Why, you do not mean to say that the tyrant will use violence? What! beat his father if he opposes him?
Yes, he will, having first disarmed him.
Then he is a parricide, and a cruel guardian of an aged parent; and this is real tyranny, about which there can be no longer a mistake: as the saying is, the people who would escape the smoke which is the slavery of freemen, has fallen into the fire which is the tyranny of slaves.
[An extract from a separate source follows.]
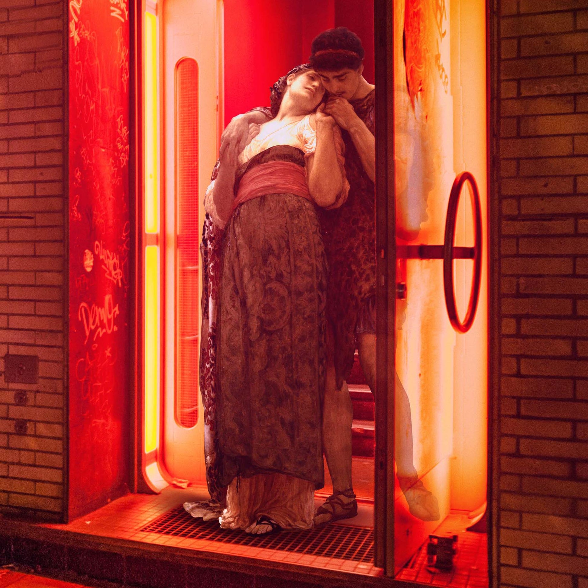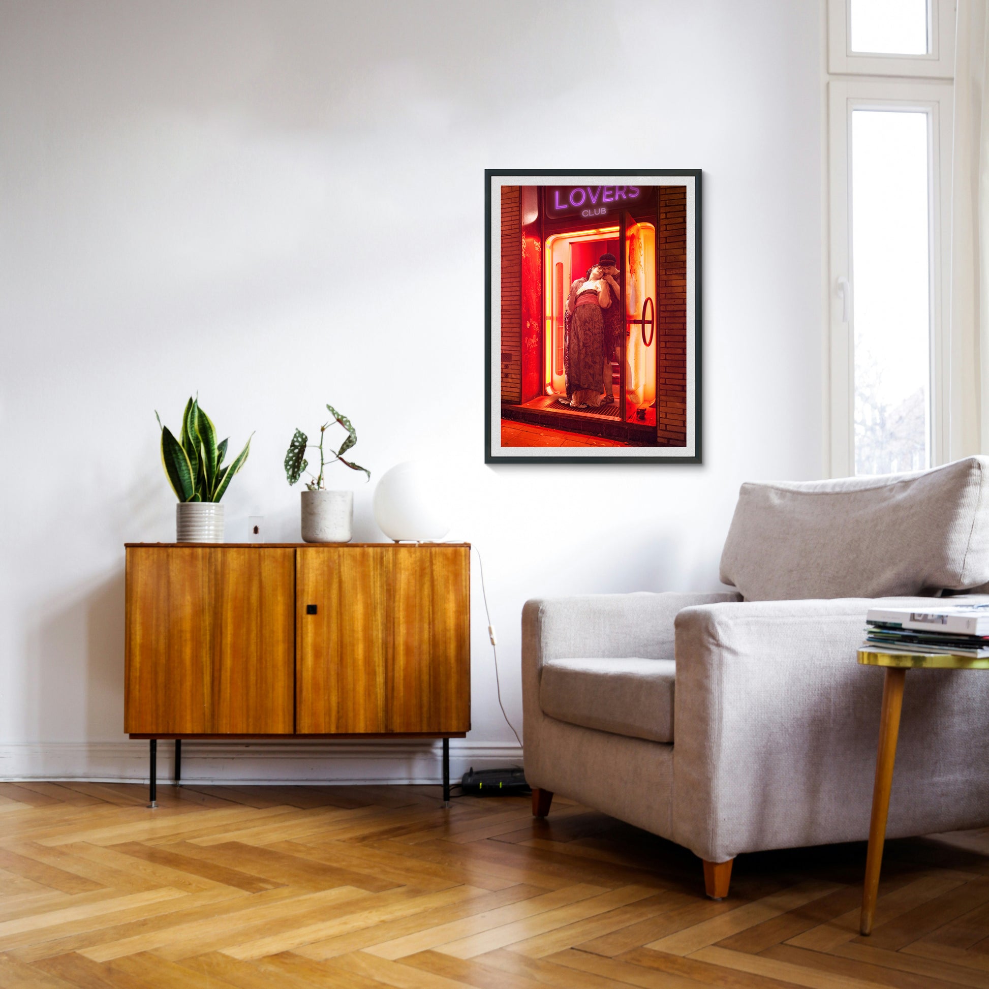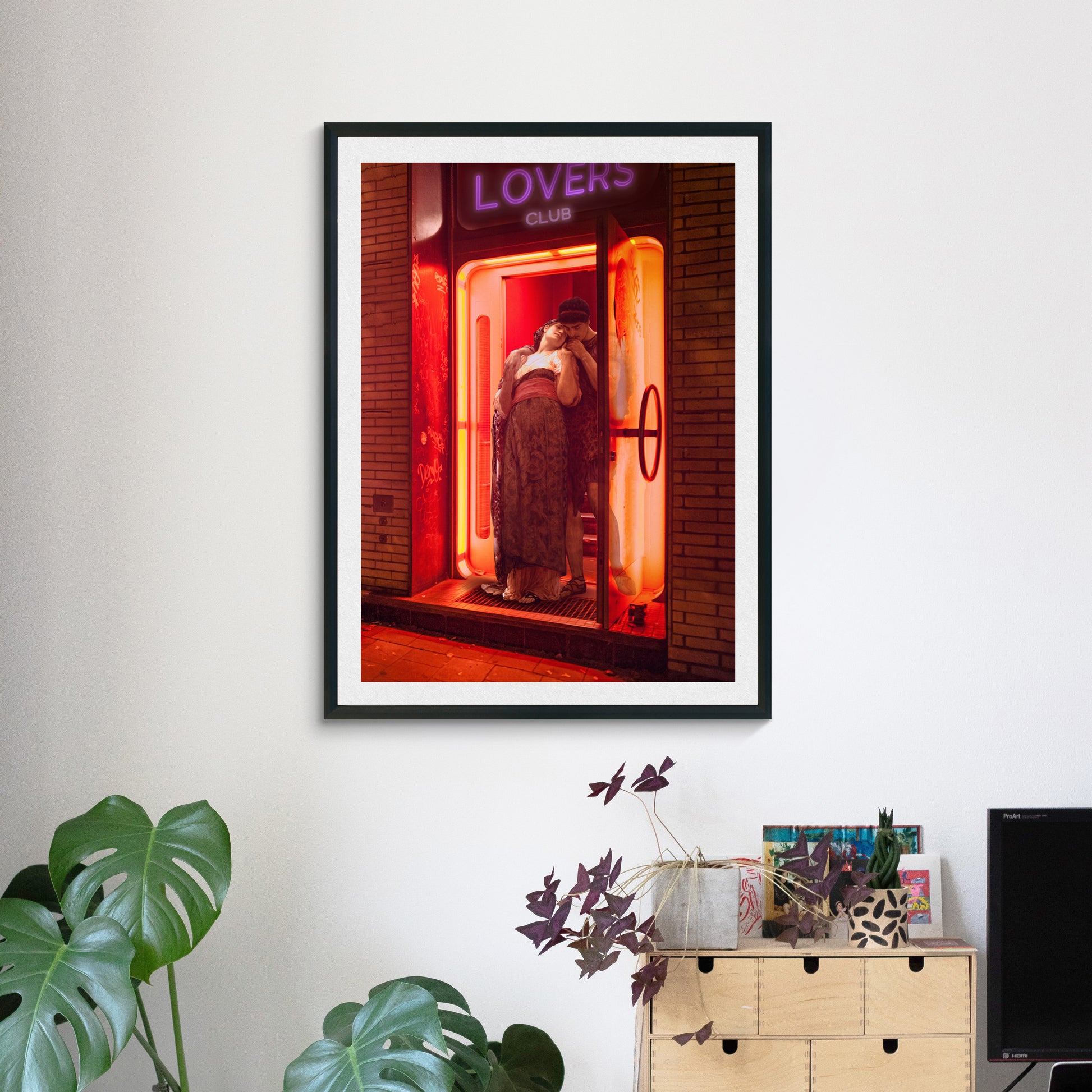 - "Step into the neon glow of forbidden romance. Lovers Club blends classical art with the raw pulse of the modern city — a timeless couple, frozen in tenderness, caught in the entrance of a red-light club that whispers secrets of passion and rebellion. Is it love, lust, or a moment suspended between both?"

Thus liberty, getting out of all order and reason, passes into the harshest and bitterest form of slavery.
True, he said.
Very well; and may we not rightly say that we have sufficiently discussed the nature of tyranny, and the manner of the transition from democracy to tyranny?
Yes, quite enough, he said.
Last of all comes the tyrannical man; about whom we have once more to ask, how is he formed out of the democratical? and how does he live, in happiness or in misery?
Yes, he said, he is the only one remaining.
There is, however, I said, a previous question which remains unanswered.
What question?
I do not think that we have adequately determined the nature and number of the appetites, and until this is accomplished the enquiry will always be confused.
Well, he said, it is not too late to supply the omission.
Very true, I said; and observe the point which I want to understand: Certain of the unnecessary pleasures and appetites I conceive to be unlawful; every one appears to have them, but in some persons they are controlled by the laws and by reason, and the better desires prevail over them—either they are wholly banished or they become few and weak; while in the case of others they are stronger, and there are more of them.
Which appetites do you mean?
I mean those which are awake when the reasoning and human and ruling power is asleep; then the wild beast within us, gorged with meat or drink, starts up and having shaken off sleep, goes forth to satisfy his desires; and there is no conceivable folly or crime—not excepting incest or any other unnatural union, or parricide, or the eating of forbidden food—which at such a time, when he has parted company with all shame and sense, a man may not be ready to commit.
Most true, he said.
But when a man's pulse is healthy and temperate, and when before going to sleep he has awakened his rational powers, and fed them on noble thoughts and enquiries, collecting himself in meditation; after having first indulged his appetites neither too much nor too little, but just enough to lay them to sleep, and prevent them and their enjoyments and pains from interfering with the higher principle—which he leaves in the solitude of pure abstraction, free to contemplate and aspire to the knowledge of the unknown, whether in past, present, or future: when again he has allayed the passionate element, if he has a quarrel against any one—I say, when, after pacifying the two irrational principles, he rouses up the third, which is reason, before he takes his rest, then, as you know, he attains truth most nearly, and is least likely to be the sport of fantastic and lawless visions.
I quite agree.
In saying this I have been running into a digression; but the point which I desire to note is that in all of us, even in good men, there is a lawless wild-beast nature, which peers out in sleep. Pray, consider whether I am right, and you agree with me.
Yes, I agree.
And now remember the character which we attributed to the democratic man. He was supposed from his youth upwards to have been trained under a miserly parent, who encouraged the saving appetites in him, but discountenanced the unnecessary, which aim only at amusement and ornament?